The last shed I built for myself I had steel portals made with tags on them so I could use timber girts, and just fixed the sheets straight to them. Then just nogged the inside to suit ply sheeting.

----------


## craka

> The last shed I built for myself I had steel portals made with tags on them so I could use timber girts, and just fixed the sheets straight to them. Then just nogged the inside to suit ply sheeting.

  Was this a design of your own or kit?

----------


## NZC

> Was this a design of your own or kit?

  Kit, I just ordered it without girts, got a welder mate to put the tags on.

----------


## craka

> Kit, I just ordered it without girts, got a welder mate to put the tags on.

  How did you get that council approved?  Wouldn't your changes have been noticed when inspected?

----------


## NZC

> How did you get that council approved?  Wouldn't your changes have been noticed when inspected?

  Its was drawn on the plans that way, girts are just fixing for the sheets. The council didn't care, I just had to prove qualified welder did the welding.

----------


## craka

> Its was drawn on the plans that way, girts are just fixing for the sheets. The council didn't care, I just had to prove qualified welder did the welding.
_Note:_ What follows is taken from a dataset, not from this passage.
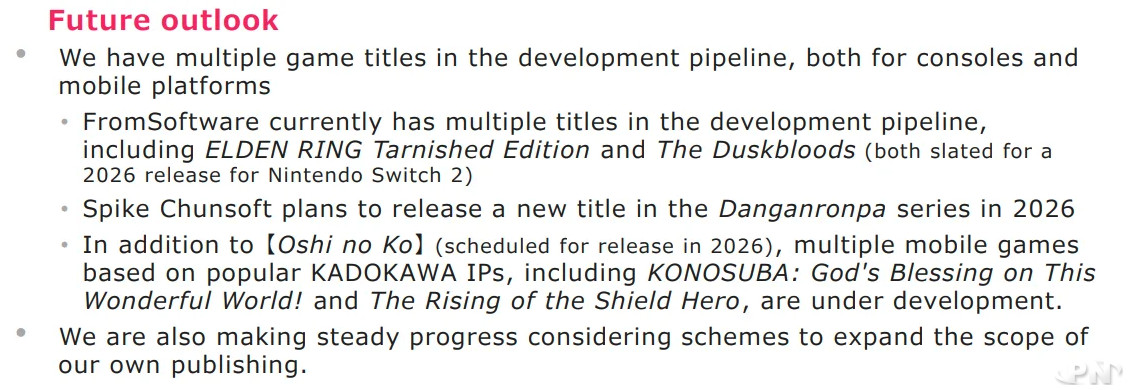 Dans ses résultats trimestriels, Kadokawa confirme que The Duskbloods figure toujours dans le calendrier de sorties 2026, aux côtés de Elden Ring: Tarnished Edition. Si aucune date plus précise n’est avancée (on imagine que ce sera à Nintendo d'avoir le privilège de dévoiler cette date de sortie), le maintien de la fenêtre 2026 rassure les joueurs qui craignaient le moindre report.Le bilan de Kadokawa rappelle en effet que The Duskbloods sera commercialisé en collaboration avec Nintendo, avec une répartition des responsabilités de vente selon les régions. ce détail compte : il confirme le positionnement du jeu comme une pure exclusivité Switch 2, et ils ne sont pas si nombreux pour qu'on ait envie de souligner ce choix stratégique qui renforcera le catalogue AAA de la machine.

  They were drawn as timber girts on plan?   Not trying to be argumentative or pedantic but from what I've read regarding steel shed construction is that the girts and sheet cladding have a 'skin' effect of bracing.  
When you say you have to prove by qualified welder, do you mean prove a boilermaker did the welding ?  I was going to weld up my own frames, I'm not a 'qualified' welder but consider myself being able to weld up RHS section without too much problems.   If that is the case can't believe that I could weld a trailer up and get it blue slipped and registered for the road.

----------


## manofaus

ive just had a shed approved for construction myself. i am using duragal rhs for rafters and posts and duragal flat bar for the joints. 64mm top hat to screw sheets too. The council said that welds had to present well. I am a qualified welder, but I built the shed with alot of joint redundancy. Its a 16m x 9m american barn, but has no posts internal like the kit ones do. It works out alot cheaper then a kit and this has me worried I might be forgetting something.....
I did draw extra bracing, but its just that bracing strap steel you get in a roll. 
Talk to your council about what they think.

----------


## craka

> ive just had a shed approved for construction myself. i am using duragal rhs for rafters and posts and duragal flat bar for the joints. 64mm top hat to screw sheets too. The council said that welds had to present well. I am a qualified welder, but I built the shed with alot of joint redundancy. Its a 16m x 9m american barn, but has no posts internal like the kit ones do. It works out alot cheaper then a kit and this has me worried I might be forgetting something.....
> I did draw extra bracing, but its just that bracing strap steel you get in a roll. 
> Talk to your council about what they think.

  Hi Manofaus,
Sounds similar to what I have in mind but mind is quite a bit smaller,  just a 6m by 6m. I was too planning on using RHS 150 by 50 for post and rafters and 64mm top hat for wall girts and roof to fix sheeting to. With using a section of RHS as a knee brace between rafter and post.   Was going to do all welds as butt welds,  you have me wondering how you meant flat bar for joints?  Do you mean welding a section of bar over each butt weld? 
You*'re* probably right mate, I should contact council to see what they say.

----------


## Southernwood

Most councils will want a building surveyor to sign off on it, and you need engineering calculations and drawing for that.  There's a guy in Ferntree Gully who just sells sets of brackets for portal frames of several different types, and gives away generic engineering doco for free.  You go and then chase up the concrete, C sections, top hats, fasteners, doors, flashings, etc, and build it DIY.  There's good info on Youtube, especially Fair Dinkum Sheds' video.  I'm looking at doing it myself, and the saving looks to be only about $2-3k on the shed compared to kits and also saving maybe $3k of the $4.5k erection for 10x6x4.2m (although if I could get as much work as I wanted I'd maybe pay a labourer to assist me), and my construction manager son will help source a concreter for a day to screed the slab after we box it up and tie the steel in advance, saving a bit more.  Look at:    Shed Brackets Purlin Brackets  .    I talked to him on the phone and the strongest advice he had was that the hardest thing is getting planning permission - go and work on that before getting too far into planning to use his brackets.   He  says he has supplied 2000-odd sets with no building surveyor rejections, though some occasionally call up to ask questions. 
The kit of steel materials is only just over half the project cost. For me there's also concrete (both the slab and widening the crossing), building surveyor, about 5 different permits, electrics, insulation, a low retaining wall I need around the back corner, asphalt driveway, and owner builder registration & insurance.

----------